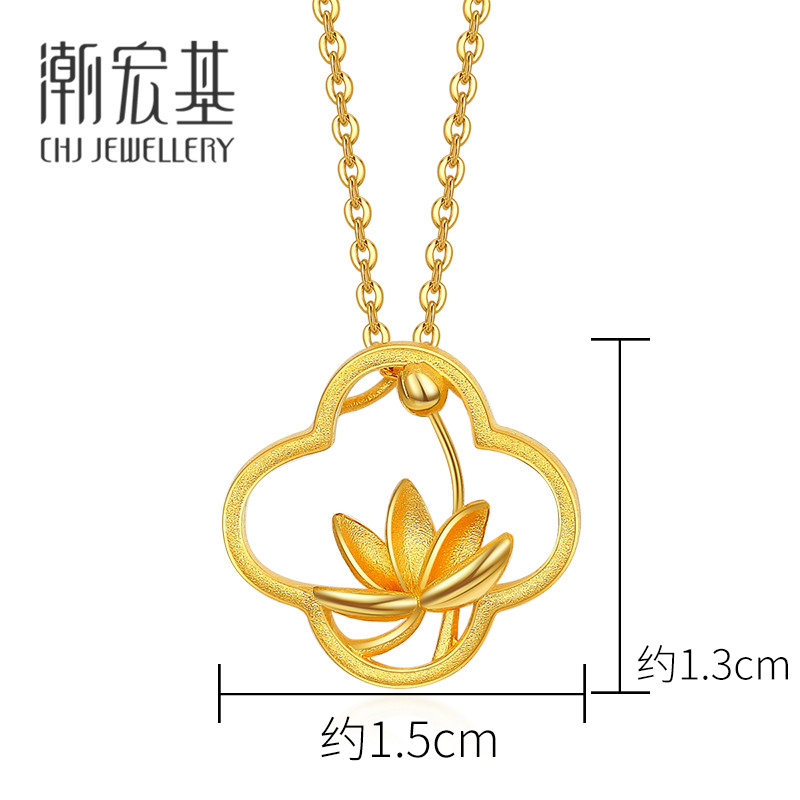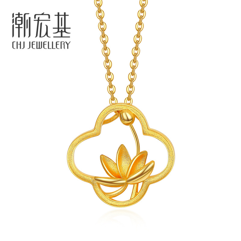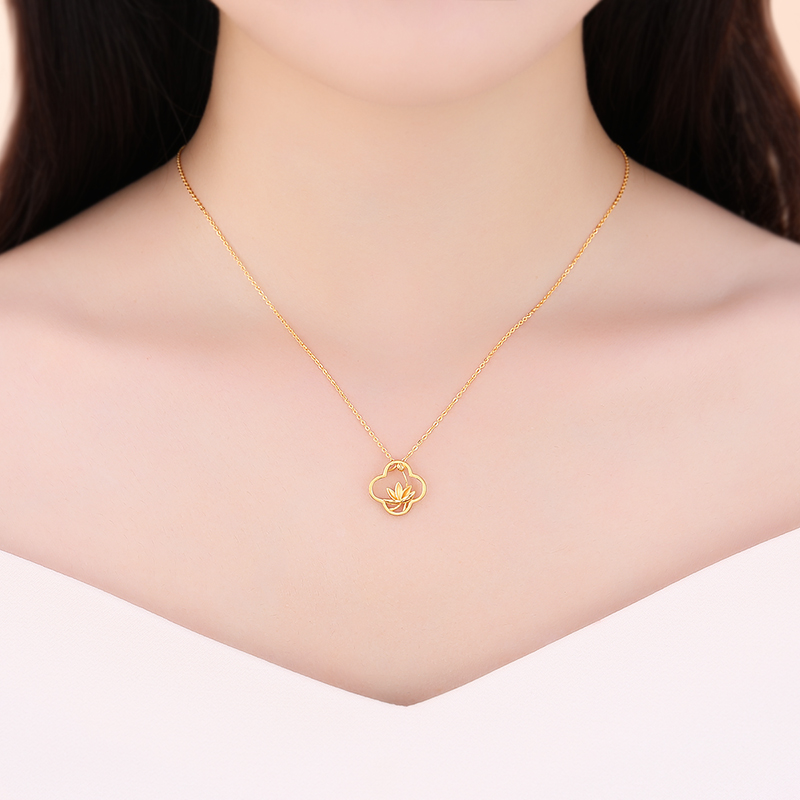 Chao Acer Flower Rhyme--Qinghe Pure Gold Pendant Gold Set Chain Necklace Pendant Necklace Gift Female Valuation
----------------------------------------
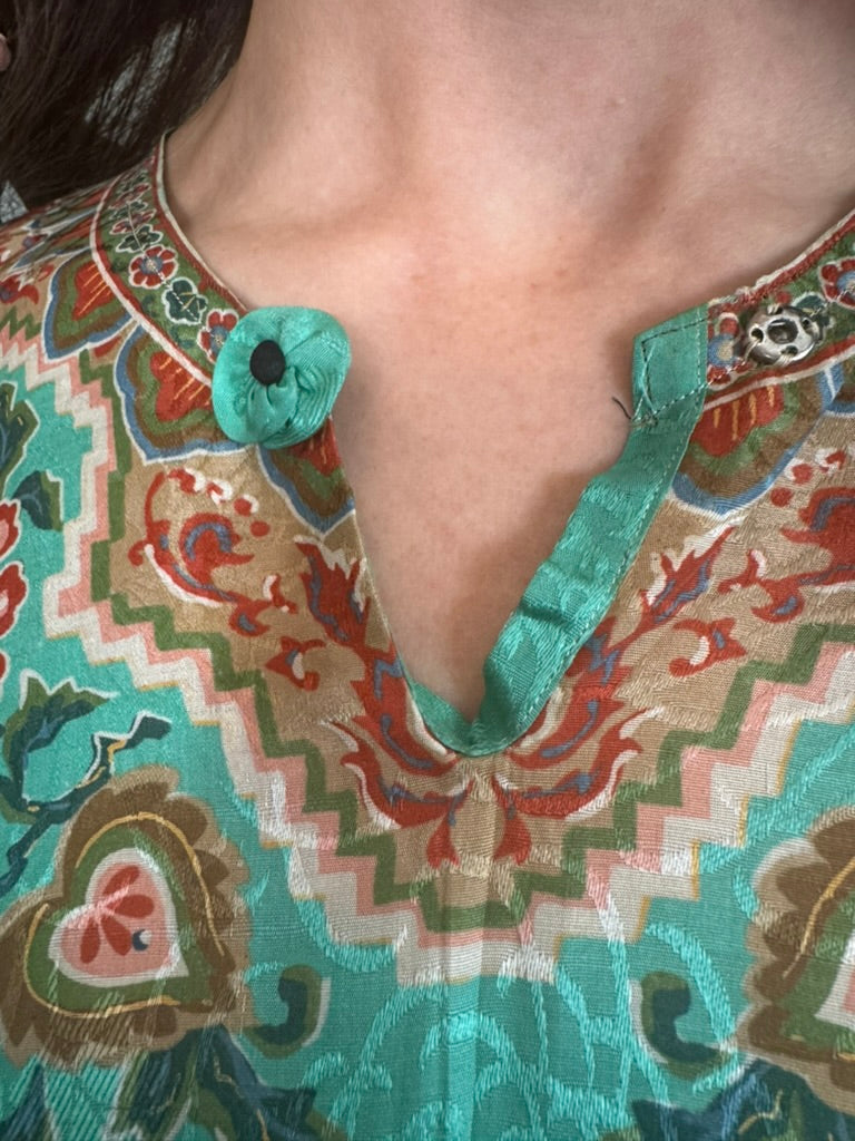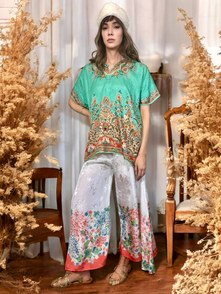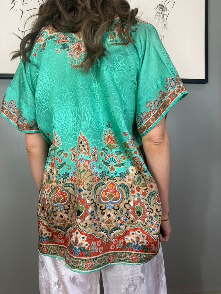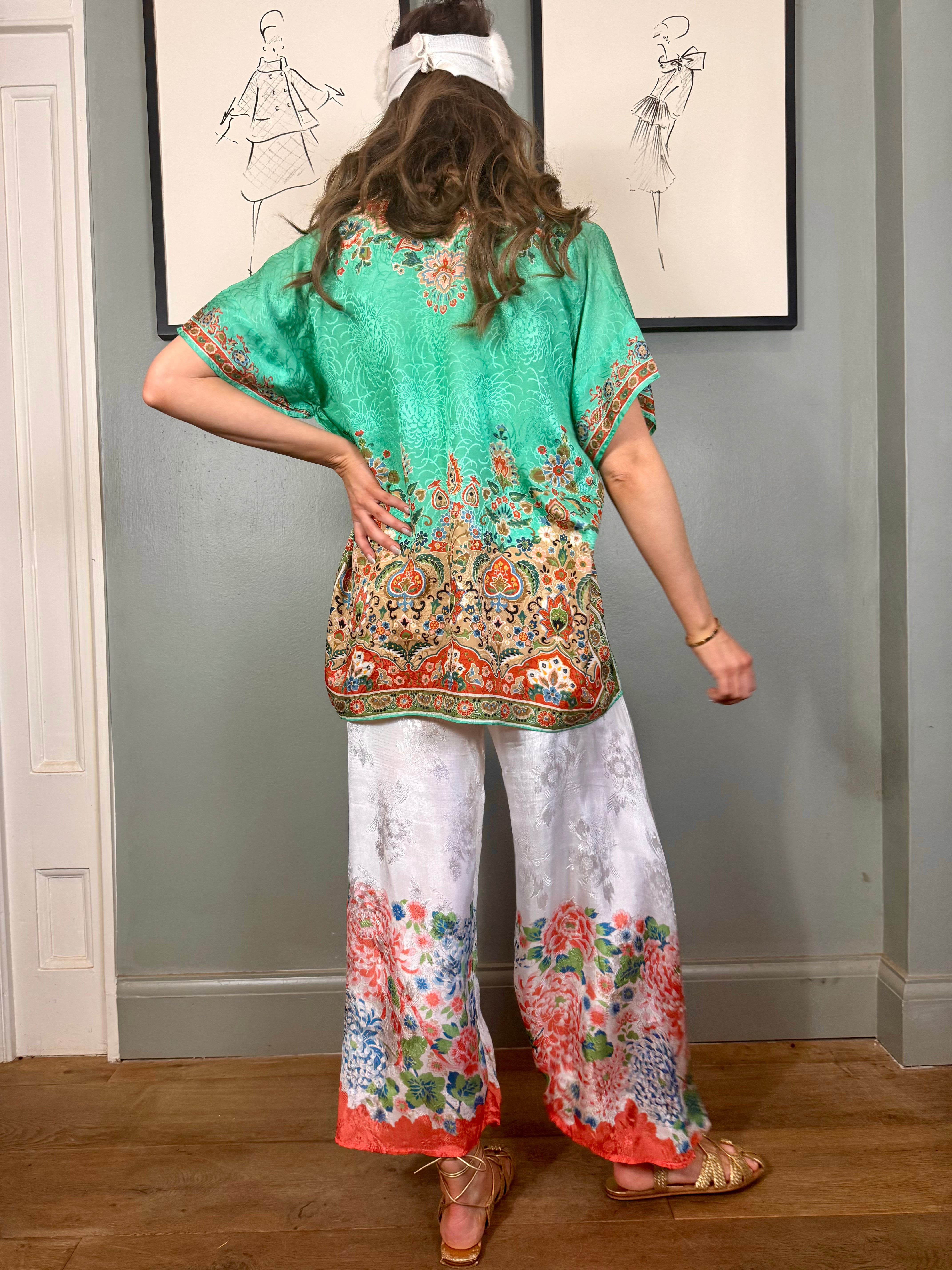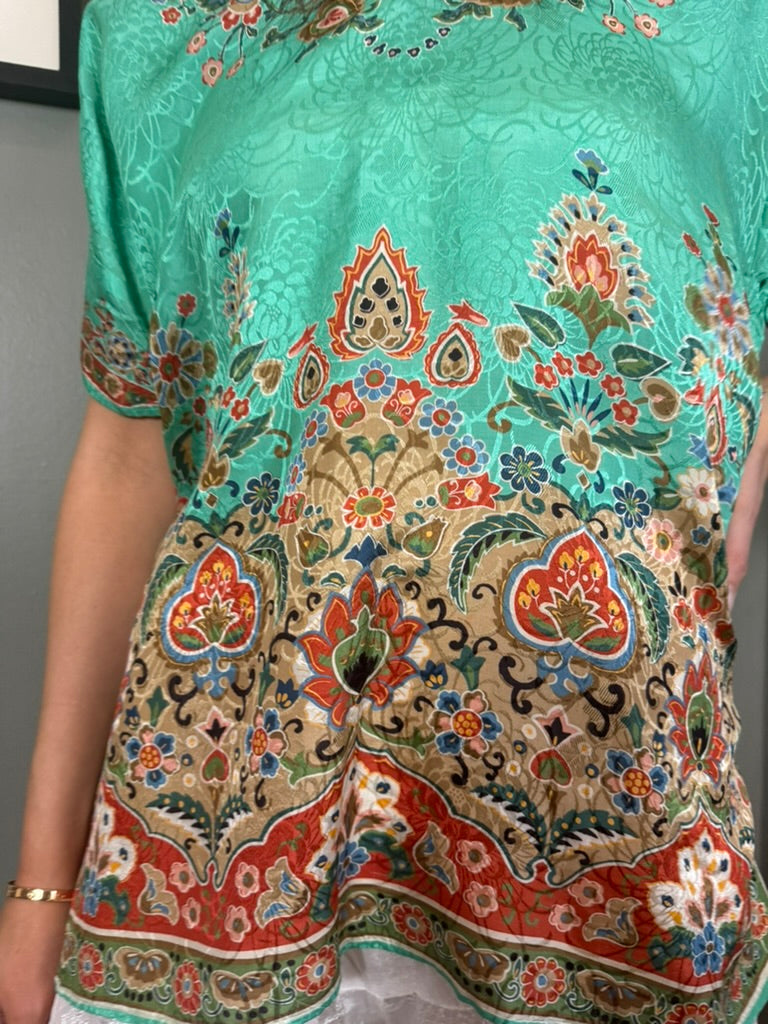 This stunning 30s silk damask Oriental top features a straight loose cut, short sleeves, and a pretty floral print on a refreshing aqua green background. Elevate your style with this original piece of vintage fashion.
----------------------------------------
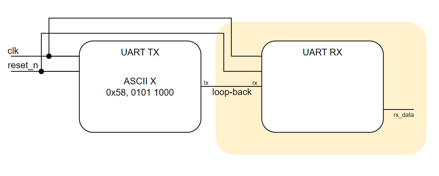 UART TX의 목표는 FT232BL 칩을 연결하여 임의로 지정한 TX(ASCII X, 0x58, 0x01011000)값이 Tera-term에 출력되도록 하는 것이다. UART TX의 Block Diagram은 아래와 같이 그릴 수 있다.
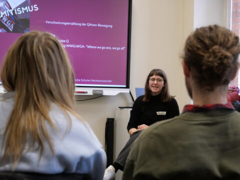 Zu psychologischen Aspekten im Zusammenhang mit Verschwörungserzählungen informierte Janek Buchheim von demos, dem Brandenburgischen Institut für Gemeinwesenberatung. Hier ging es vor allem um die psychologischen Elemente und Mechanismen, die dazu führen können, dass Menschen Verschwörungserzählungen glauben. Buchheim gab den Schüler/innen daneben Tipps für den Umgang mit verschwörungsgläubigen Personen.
----------------------------------------
> Prompt
Look through the listing above for the line with "UART TX의 목표는" and the line with "Zu psychologischen Aspekten". Write out exactly those lines and everything between, leaving out pictures.

> Task response
 UART TX의 목표는 FT232BL 칩을 연결하여 임의로 지정한 TX(ASCII X, 0x58, 0x01011000)값이 Tera-term에 출력되도록 하는 것이다. UART TX의 Block Diagram은 아래와 같이 그릴 수 있다.
 Zu psychologischen Aspekten im Zusammenhang mit Verschwörungserzählungen informierte Janek Buchheim von demos, dem Brandenburgischen Institut für Gemeinwesenberatung. Hier ging es vor allem um die psychologischen Elemente und Mechanismen, die dazu führen können, dass Menschen Verschwörungserzählungen glauben. Buchheim gab den Schüler/innen daneben Tipps für den Umgang mit verschwörungsgläubigen Personen.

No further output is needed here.